# Adopting a a Pomerania dog any advice?



## budgies in my life (Oct 4, 2021)

I am adopting a Pomerania dog and i am really concerned about my birds safety so any advice


----------



## Cody (Sep 5, 2013)

The dog should be kept completely separate from the birds and not allowed in the same space. Dogs are predators instinctively, no matter how tame they are, and could easily kill a budgie.


----------



## budgies in my life (Oct 4, 2021)

Ok any more advice


----------



## wmcburke (Sep 30, 2021)

@Cody provided you with the most important and essential advice. If you keep dog and birds separated, what other advice do you need?


----------



## budgies in my life (Oct 4, 2021)

Ok but can i introduce the dog to my bird while the birds are in the cage and the dog on the leash


----------



## Cassie and luna (Jul 30, 2021)

They are not going to be friends so just hang out with your pets at different times. My budgies would be terrified of a dog.


----------



## FaeryBee (May 9, 2011)

* You really should not introduce your dog to your birds. Doing so would terrify the budgies. 
Keep the dog in a different room from the budgies at all times.

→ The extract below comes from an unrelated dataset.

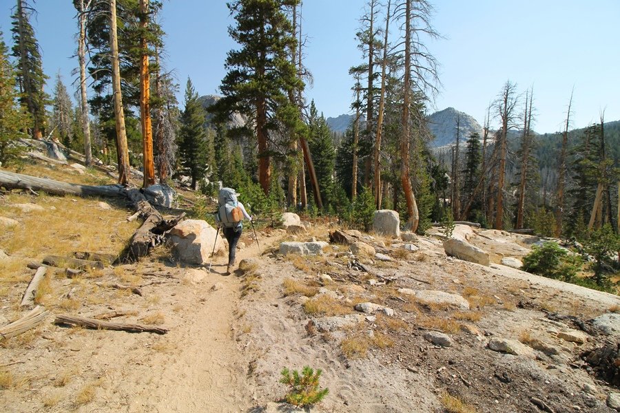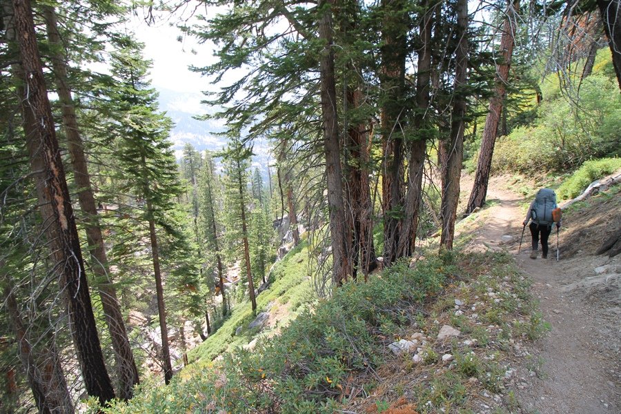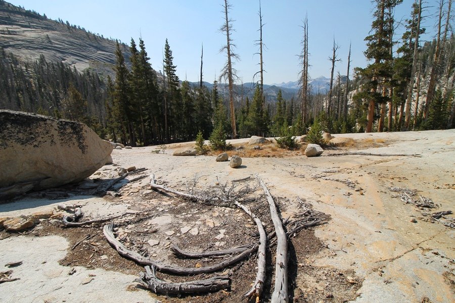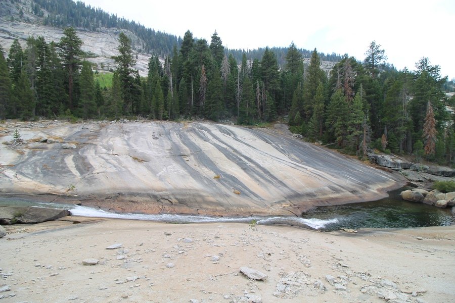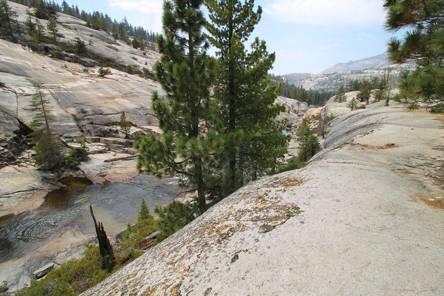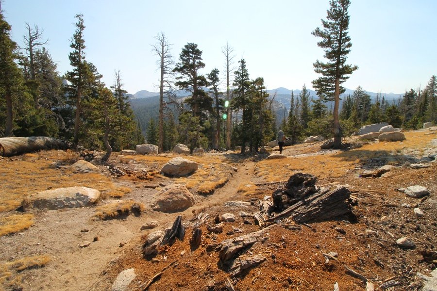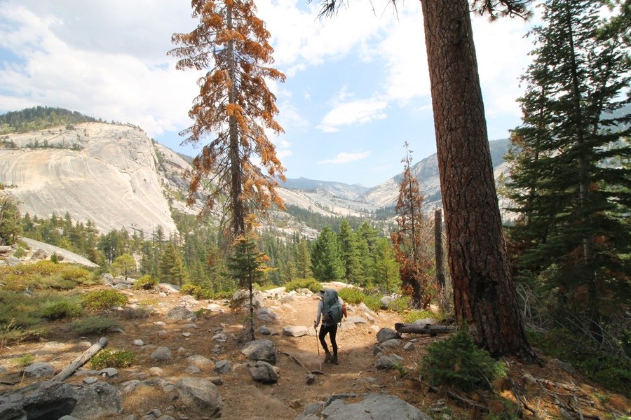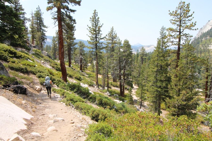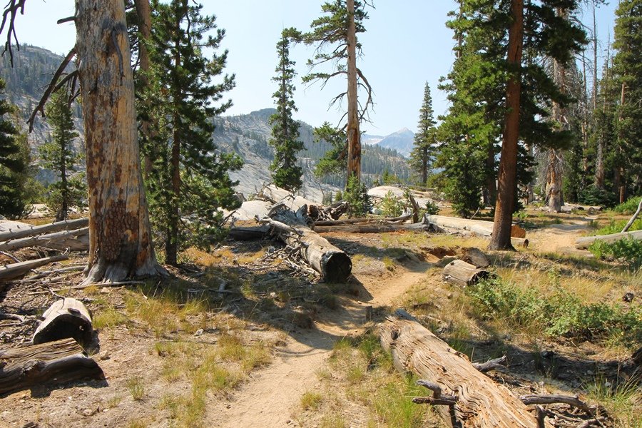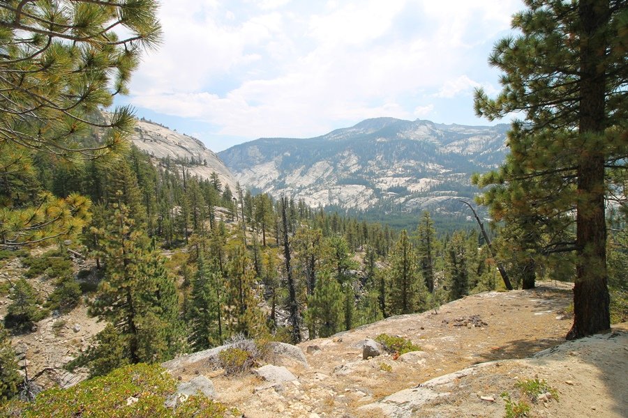We again woke up pretty early, and we took advantage of our isolated camp site to start packing things up soon thereafter – so much for the best laid plans. As the sky started to brighten, we got up on some rocks above our home away from home for a clearer view of the meadow, expecting the sun to crest the shoulder of the dome to the east at any moment. Well, that process took nearly an hour from when we started watching it, leaving us about 30 minutes to pack up the balance of the camp before the breakfast call. It didn’t happen – we resigned ourselves to finishing our packing after breakfast, and we tromped our way up to the dining tent by about 7:15 to feast like kings. The latest fire news included a report that the flames had reached the easternmost end of the Wrightwood development, and at one point we got a report that a street near ours had burned – that turned out to be incorrect, thankfully, but we did in fact confirm that the flames had been stopped at the east edge of town. Our breakfast companions included a family from the San Diego area who were going to be hiking up the JMT and out to Tuolumne Meadows that day, and they offered to text the kids for us with a live report as they headed through Cajon Pass on their way home (which they in fact did). We ate a bit more lightly than we had at May Lake, mostly to get done earlier but also because we had a lot of ground to cover today. In our day-by-day plan, this was always going to be the longest single leg of the trip – we’d start at 9,300+’, head north on the JMT for about a mile, then east over a 200′-high ridge before dropping into Cathedral Fork canyon and losing over 2,500′ as we’d descend to the Merced River valley some 7+ miles distant. We’d head east up the river at that point, gaining another 250′ over two miles to the Merced Lake HSC – at 10+ miles total, it figured to be a long day. So, we hastily finished packing and left Sunrise by just after 9am, walking briskly (well, as briskly as our sore bodies would allow, which wasn’t really very brisk) east and then north on one of two single-mile segments of the John Muir Trail our route would share (the second would be in Lyell Canyon on our last day). The meadow was beautiful in the sunny-mid-morning and the level walking very easy – just what we needed after yesterday’s brutal climbing. That ended far too soon, for we quickly reached our turnoff and headed east, right away beginning to ascend the ridge separating Long Meadow from the Cathedral Fork drainage. The hike up the incline was cool and pretty, shadows and light comingling on the trail – although we paused a couple of times to rest, this segment was quite enjoyable. Once over the top, things got way more sunny and increasingly warm – the heat may well have been on the oppressive side were it not for a fairly steady breeze that blew up the valley all day long to cool us off. We’ve long considered downhills to be, in general, more difficult than uphills, and even more so under full loads. Having learned our lesson on water management on the way to May Lake (we had both run out of water within a 1/2-mile finishing that day), we both carried our full 3-liter complement today (about 6-1/2 lbs. each to start), and our steps weighed heavily on the trail as soon as we crested the ridge and entered Cathedral Fork canyon. It’s not that the gradient was too steep, for it’s quite gentle most places – however, seven miles of steady descent wears on the feet, always bearing not just the body’s weight but the forces of gravity and forward momentum. About halfway down the canyon, we would reach the first of three bridges across the Cathedral Fork of Echo Creek – our idea was to stop for 30 minutes at the first bridge and soak our feet while eating a snack, then doing the same at the last bridge at the end of the descent where we’d eat lunch, thus being rested for the gentle but continuous push eastward to Merced Lake. As we walked through the canyon, we noticed a high, thin dome on the canyon’s west wall that was unnamed on the map – we later decided to name such features for our grandsons, so that promontory has since been christened Jude’s Dome (maybe he’ll climb it someday). Passing below it, we dropped more sharply into a flat, wooded section that was immediately followed by a burn – the stark tree trunks were a somewhat somber reminder of the situation in Wrightwood (we had been talking about how, if indeed our cabin burned, we’d only be out our vacation/retirement home, but what about the 5,000 people who live there fulltime? – deep, sobering thoughts). We found our first bridge shortly after the burned area, but there was not very much water here – Jane proposed continuing to the next one, which we did. However, once we got there, we were kind of in the same “let’s get this hike over with” mode and, despite the burning sensations in all four of our feet, we decided to keep going to the third, especially since there was more water here. We had by this time lost enough elevation that the forest had changed dramatically – gone were the lodgepoles and tundra-like grasses of the high country, replaced by chinquapin, manzanita, and ponderosa pines. The ponderosas, in particular, were quite impressive, very tall and with massive bases. Past the second bridge, the descent eases a bit through a traverse west to a junction with a connector trail leading further west to the JMT – we would turn south here, losing another 500′ before reaching the Merced River in the valley below. That section, in fact, was about as bad as we had expected – another steep series of stair-stepped switchbacks, and our feet felt twice as bad by the time we hit the bottom of the grade. There in front of us was the third bridge, but there was not a drop of water in sight – crazy. We stopped here anyway and ate our lunch (which, by the way, were made to order each morning by t

Cats (and Dogs) are Predators // Birds are Prey


The purpose of the Talk Budgies Forum is to promote the best practices for the health and well-being of budgies. There are simply too many "Emergency" threads appearing where well-meaning members choose to keep both cats (or dogs) and budgies in the same household. Please -- think carefully...




www.talkbudgies.com





I have multiple birds and two shelties.
My dogs are NEVER allowed into the rooms where my birds are kept.*


----------